--- Task item ---
Exact copy required. Repeat the records, but keep the pictures out.

Records contained in a dataset
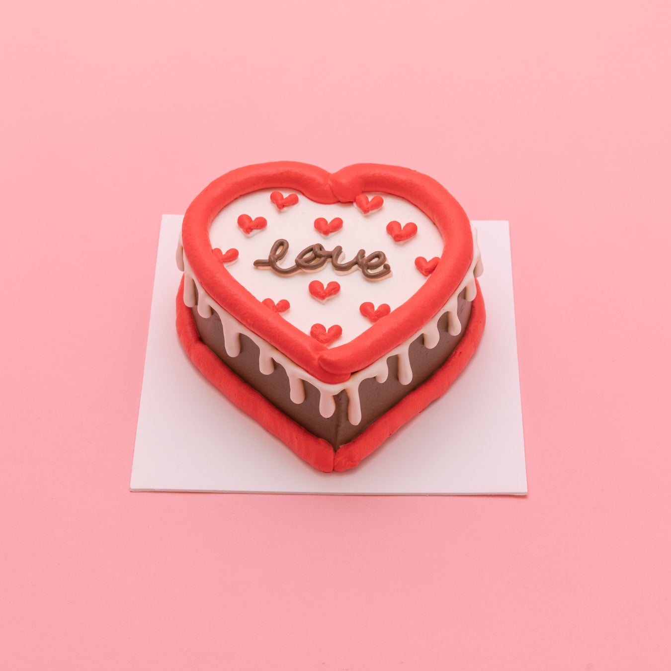 Cake withらしいポップでキュートなイメージと、通常のカスタムでは出来ないデザインを意識したバレンタインデーにぴったりのケーキです。たくさんの小さなハートとケーキの表面が溶けているようなドリップがポイント♡
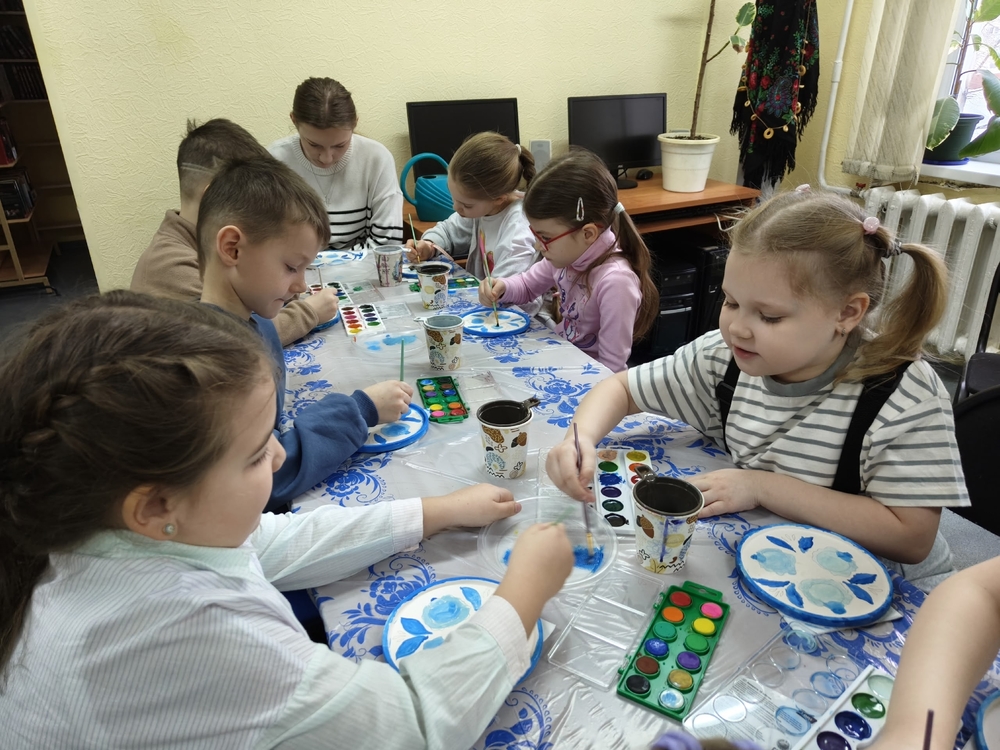 В библиотеке «Книгоград» (бр. Строителей, 42б) для первоклассников МБОУ «Гимназия № 25» устроили «Масленичный разгуляй». Ребята узнали о значении каждого дня масленичной недели и народных приметах, расписали гипсовые тарелочки в стиле гжель.
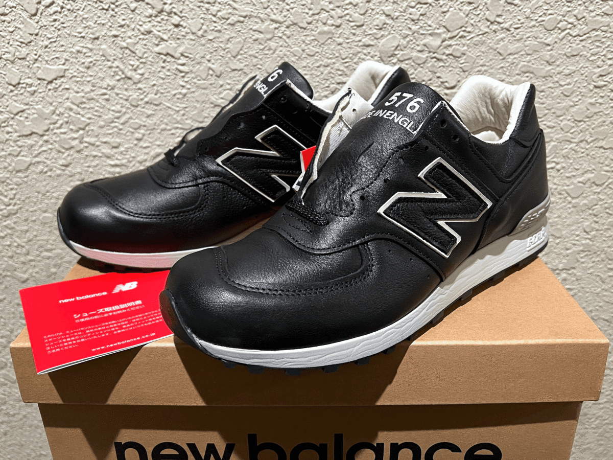 > 廃番 オールレザー New Balance LM576BKU UK製 US8.5 限定 M576 NB 本皮 天然皮革 ブラック 黒 イギリス製 Made In England スニーカー
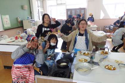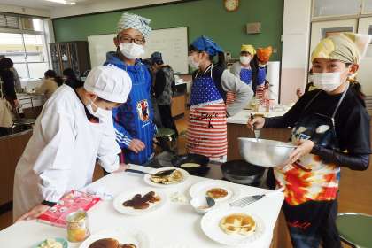 焼いたホットケーキから,どんどん盛り付けをしていって……完成です!
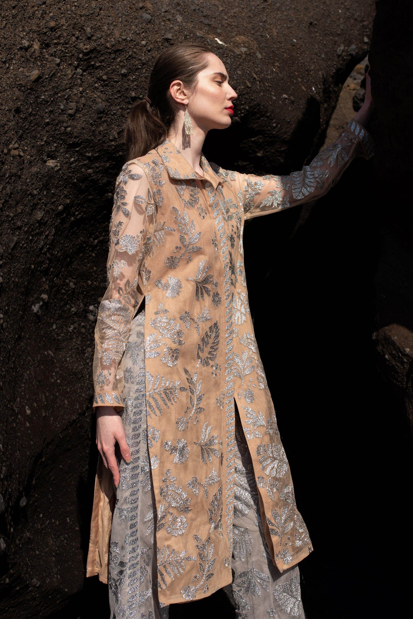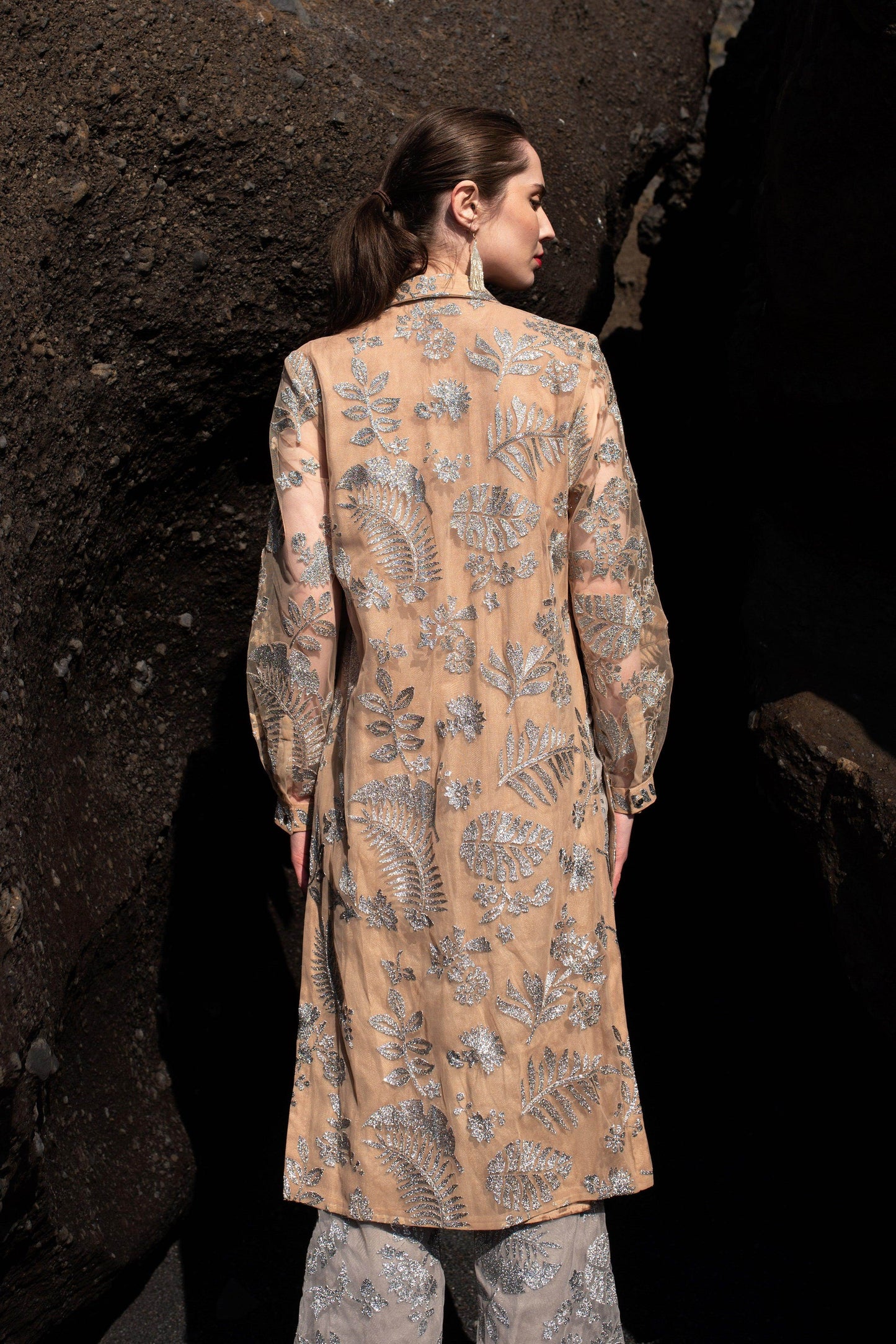 Soft nude tulle longline shirt with placed allover silver metallic thread embroidery in badla inspired stitches. Tropical themed motifs framed with geometric borders on the front placket and sleeve cuff. Waist-high slits on the sides of the shirt to show off the embroidery of the pants. Concealed button placket at the front and metallic button closure at the cuff. The back and front of the top are fully lined; sleeves are unlined.
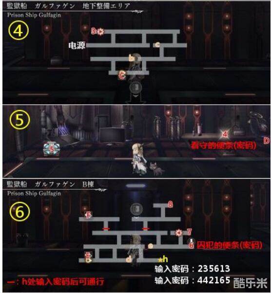 宝箱:1~12,其中4是看守的便条(密码),6是囚犯的便条(密码)
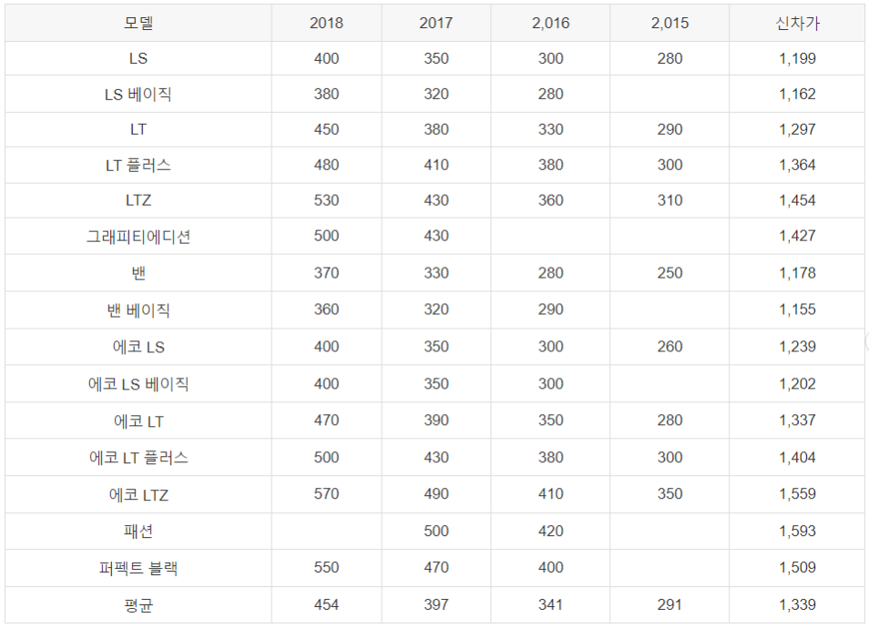 500만원대로 스파크를 구매하기 위해서는 2015년식부터 2018년식 안에서 차량을 구매할 수 있습니다. 더 자세한 스파크 중고차 시세가 궁금하시다면 이 링크에서 확인이 가능합니다.
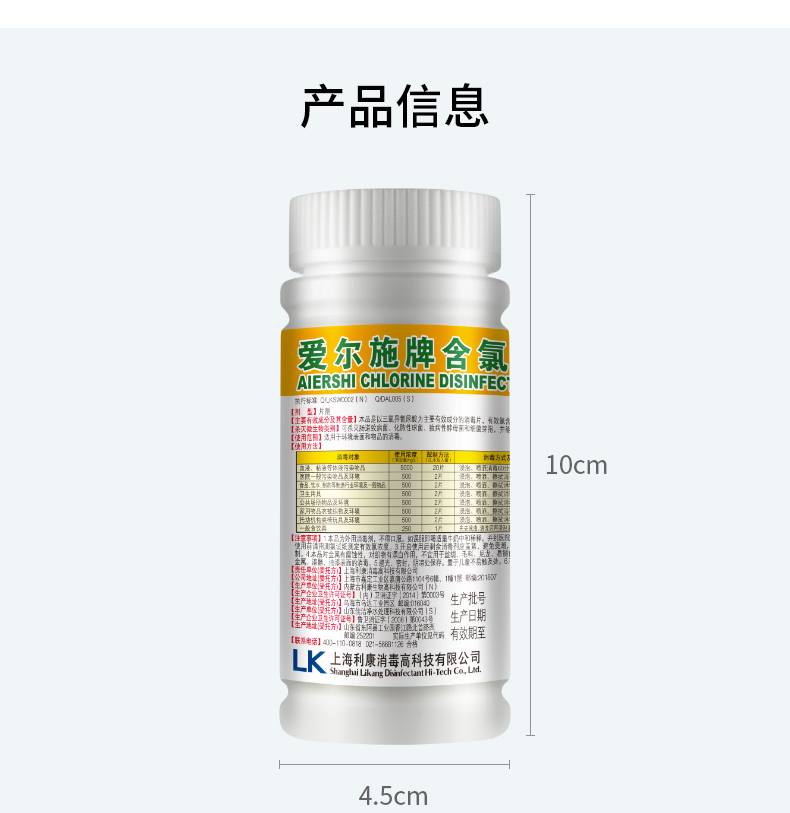 爱尔施含氯消毒片 泡腾片消毒浴缸杀菌宠物家用100片

--- Written response ---
 Cake withらしいポップでキュートなイメージと、通常のカスタムでは出来ないデザインを意識したバレンタインデーにぴったりのケーキです。たくさんの小さなハートとケーキの表面が溶けているようなドリップがポイント♡
 В библиотеке «Книгоград» (бр. Строителей, 42б) для первоклассников МБОУ «Гимназия № 25» устроили «Масленичный разгуляй». Ребята узнали о значении каждого дня масленичной недели и народных приметах, расписали гипсовые тарелочки в стиле гжель.
 > 廃番 オールレザー New Balance LM576BKU UK製 US8.5 限定 M576 NB 本皮 天然皮革 ブラック 黒 イギリス製 Made In England スニーカー
 焼いたホットケーキから,どんどん盛り付けをしていって……完成です!
 Soft nude tulle longline shirt with placed allover silver metallic thread embroidery in badla inspired stitches. Tropical themed motifs framed with geometric borders on the front placket and sleeve cuff. Waist-high slits on the sides of the shirt to show off the embroidery of the pants. Concealed button placket at the front and metallic button closure at the cuff. The back and front of the top are fully lined; sleeves are unlined.
 宝箱:1~12,其中4是看守的便条(密码),6是囚犯的便条(密码)
 500만원대로 스파크를 구매하기 위해서는 2015년식부터 2018년식 안에서 차량을 구매할 수 있습니다. 더 자세한 스파크 중고차 시세가 궁금하시다면 이 링크에서 확인이 가능합니다.
 爱尔施含氯消毒片 泡腾片消毒浴缸杀菌宠物家用100片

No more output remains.